Stiefografie does not employ shading (variation of thickness of strokes) to distinguish vowel symbols. Shading is nowadays difficult to achieve with a ballpoint pen, a stylus or finger input for smart phones or tablet computers.

The punctuation marks full stop, semicolon and comma are not used because they look like some brief forms of very frequent German words in Aufbauschrift (speed script and speech script) and could be confused with these words. These punctuation marks are replaced by different space intervals between the sentences and phrases.

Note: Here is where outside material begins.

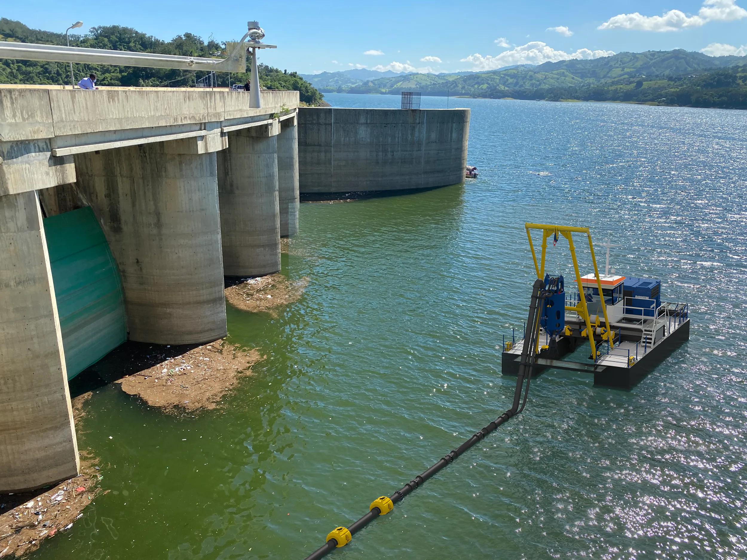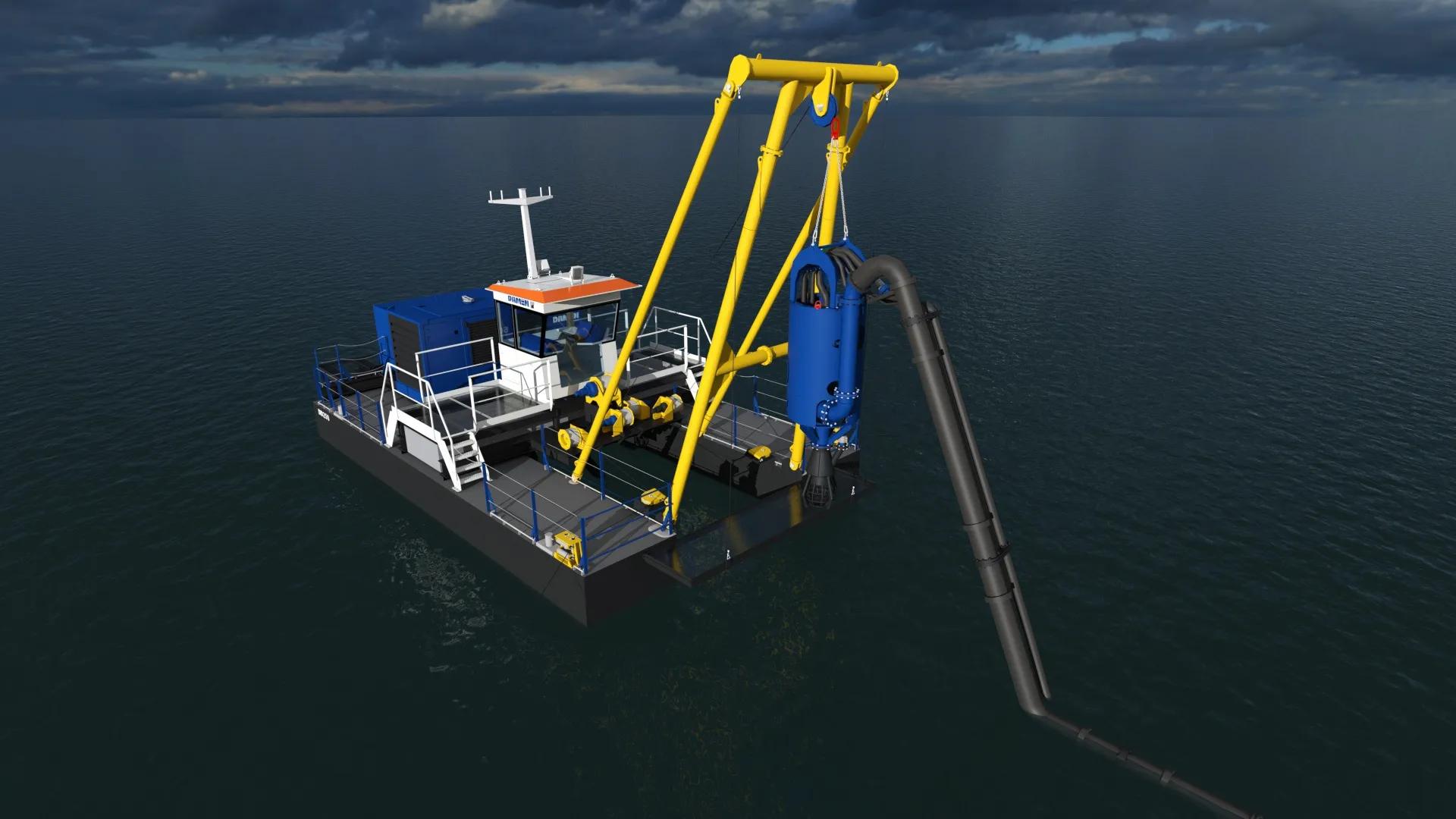 Sand mining or hydro power dam maintenance dredging has no depth limit when the DOP Dredger is used. The wire-suspended DOP submersible dredge pump is lowered to the required depth, maximising the mixture concentration which in turn boosts the dredger’s production. The pressurised jet water ensures a constant flow of sand and silt to the suction head. Additionally, the modular dredger can be dismantled into components that stack easily into standard containers, making it possible to reach the most remote areas.

==Division of the system==
Stiefografie shorthand is written in three levels: Grundschrift (business script), Aufbauschrift I (speed script I) and Aufbauschrift II (speech script II).

Grundschrift can be produced at a rate of 100 to 120 syllables per minute. There are only 24 characters for consonants and combinations of consonants (e.g. sch, sp, st). Contrary to the practice in many English shorthand systems (e.g. Pitman Shorthand), vowels are never omitted. There are no brief forms for the most frequent syllables and words of the German language in this first level.

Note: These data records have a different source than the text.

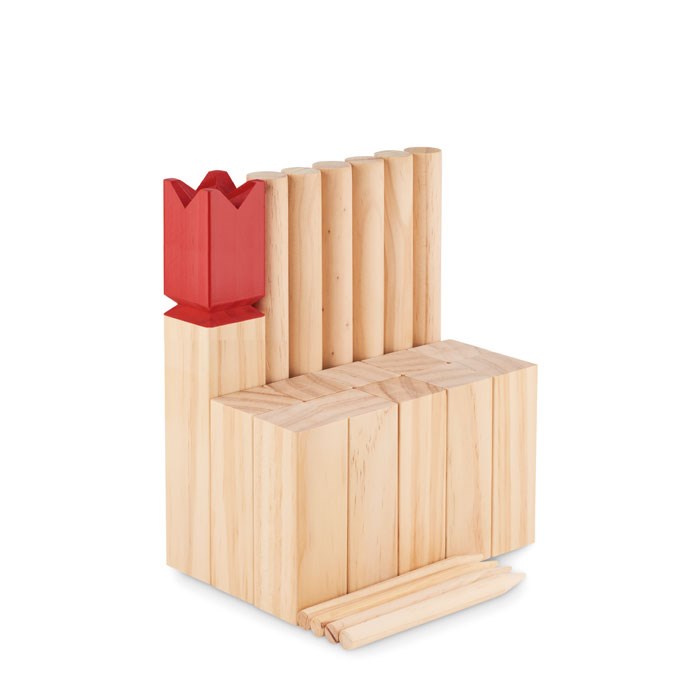 Dennenhouten werpspel gepresenteerd in een katoenen trekkoordzak. Dit spel, van Zweedse en Scandinavische oorsprong, is leuk voor kinderen, families of een groep vrienden en wordt meestal buiten gespeeld. Het doel is om de grotere houten stokken omver te werpen door de kleinere naar hen te gooien. Het middelste stuk, de koning, wordt als laatste omgegooid. De eerste die ze allemaal omver gooit voordat de tegenstander dat doet, wint. Inclusief 10 stuks korte vierkante stokjes, 4 stuks puntige stokjes, 6 stuks ronde stokken en 1 koningsstok.
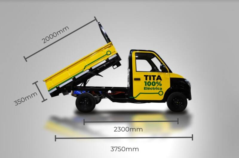 Tita, al igual que su antecesor, tiene espacio para dos personas. Su tamaño es de 3.75m de largo; 1.37 m de ancho y 1.72 m de alto. La caja mide 2000 x 131 x 350 mm, es abierta, volcadora, con barandas rebatibles de los tres lados.
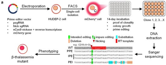 According to the manufacturer’s instructions, the electroporation was performed using the 20-μL Strips of the Celetrix basic model (Celetrix, Taizhou, China). 1x106 cell HUDEP-2 cells resuspended in 20 μL of electroporation buffer were mixed with 1 μg PE3 plasmid and transferred to a cuvette for electroporation with the program of 380 V/30 ms. The cells were transferred to the HDUEP-2 proliferation medium immediately after electroporation and maintained in a humidified atmosphere of 5% CO2 at 37 °C. Forty-eight hours later, the microscope examination was performed for checking reporter gene mCherry expression. The single-cell fluorescence-activated cell sorting was then performed, and the mCherry+ cells were sorted into the 96-well plates with 150 μL proliferation medium per well and cultured in a humidified atmosphere of 5% CO2 at 37 °C. After 14-day incubation, the microscope examination was performed for checking reporter gene mCherry expression and colony growth. The colony was selected and transferred to the 48- or 24-well plates for further proliferation.

Aufbauschrift I can be produced up to 160 syllables per minute. There are 54 brief forms for the most frequent words and syllables in the German language and rules for forming free abbreviations. These brief forms are distinguishable by size and position (three of them: above, below, or on the base line). Special endings and syllables can be omitted.

There are more than additional 120 brief forms in Aufbauschrift II to write up to about 400 syllables per minute. It is possible to omit special consonants, vowels and syllables.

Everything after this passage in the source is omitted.